Data compression and entropy

The entropy coding is a compression algorithm to compress data without loss.

In this context, the cross-entropy and the Kullback -Leibler divergence play a role as a measure of the triggered by poor encoding wastes of bits.


  • If the string is ABBCAADA (see also entropy ).
  • The letters probability:; ;
  • Maximum Entropy ():
  • The Maximum Entropy can be calculated as well with the formula of maximum entropy:

Alternative means of quantifying information

Another approach, to measure the information content of a message is represented by the Kolmogorov complexity, wherein the shortest possible the algorithm indicates the complexity of the message for presentation of a given character string. Similarly, the logical depth is defined, but refers to the time complexity of an algorithm for generating the data. Gregory Chaitin has also gone beyond the Shannon's definition of entropy of information (see Algorithmic Information Theory ).
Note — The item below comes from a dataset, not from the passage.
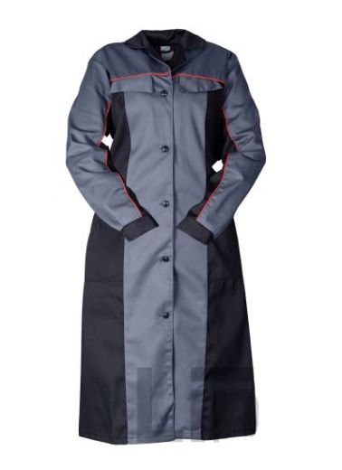 Халат на кокетке с центральной застежкой на пуговицах. По линии кокетки и рукавам кант. Накладные карманы входят в рельефные швы. Рукав длинный на манжете.

Similarity to the entropy in physics

In physics (see thermodynamics, specifically entropy ( thermodynamics) ) plays an equivalently named size a significant role. The similarities are in fact more than formal: the physical entropy differs from the Shannon information entropy only by an additional normalization factor, is Boltzmann's constant, and by the replacement of the logarithm used in the base ( the dual logarithm is replaced by the natural logarithm ). Thus, physical and mathematical entropy entropy differ by the positive conversion factor, provided with its physical unit. The connection was made ​​by a Maxwell's demon thought experiment called.